WORK REQUIRED: Return the data below in full and exactly, except that the pictures are dropped.

GIVEN MATERIAL:
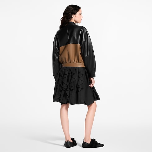 Ce bomber classique revisité en cuir offre un look moderne et sophistiqué. L'élégance du cuir d'agneau noir est contrastée par la partie inférieure color-block qui apporte une touche graphique. Un fermoir pivotant ajoute une note métallique emblématique au col montant, tandis qu'une doublure Monogram matelassée signe l'intérieur. Ce modèle est également doté de deux poches latérales.
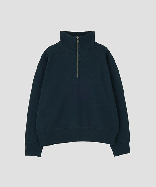 ダブルフェイスで編み立てたコットンジャージーで仕立てたハーフジップジャンパー。Tシャツより厚みがあり、裏毛より軽やかな質感が特長。細かなリブのような組織感で、ニットのような着心地を楽しめる素材。
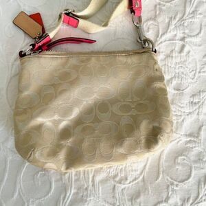 Coach Tan Cream Coral Cross Body Bag Signature Print Fabric Leather Purse

TASK RESPONSE:
 Ce bomber classique revisité en cuir offre un look moderne et sophistiqué. L'élégance du cuir d'agneau noir est contrastée par la partie inférieure color-block qui apporte une touche graphique. Un fermoir pivotant ajoute une note métallique emblématique au col montant, tandis qu'une doublure Monogram matelassée signe l'intérieur. Ce modèle est également doté de deux poches latérales.
 ダブルフェイスで編み立てたコットンジャージーで仕立てたハーフジップジャンパー。Tシャツより厚みがあり、裏毛より軽やかな質感が特長。細かなリブのような組織感で、ニットのような着心地を楽しめる素材。
 Coach Tan Cream Coral Cross Body Bag Signature Print Fabric Leather Purse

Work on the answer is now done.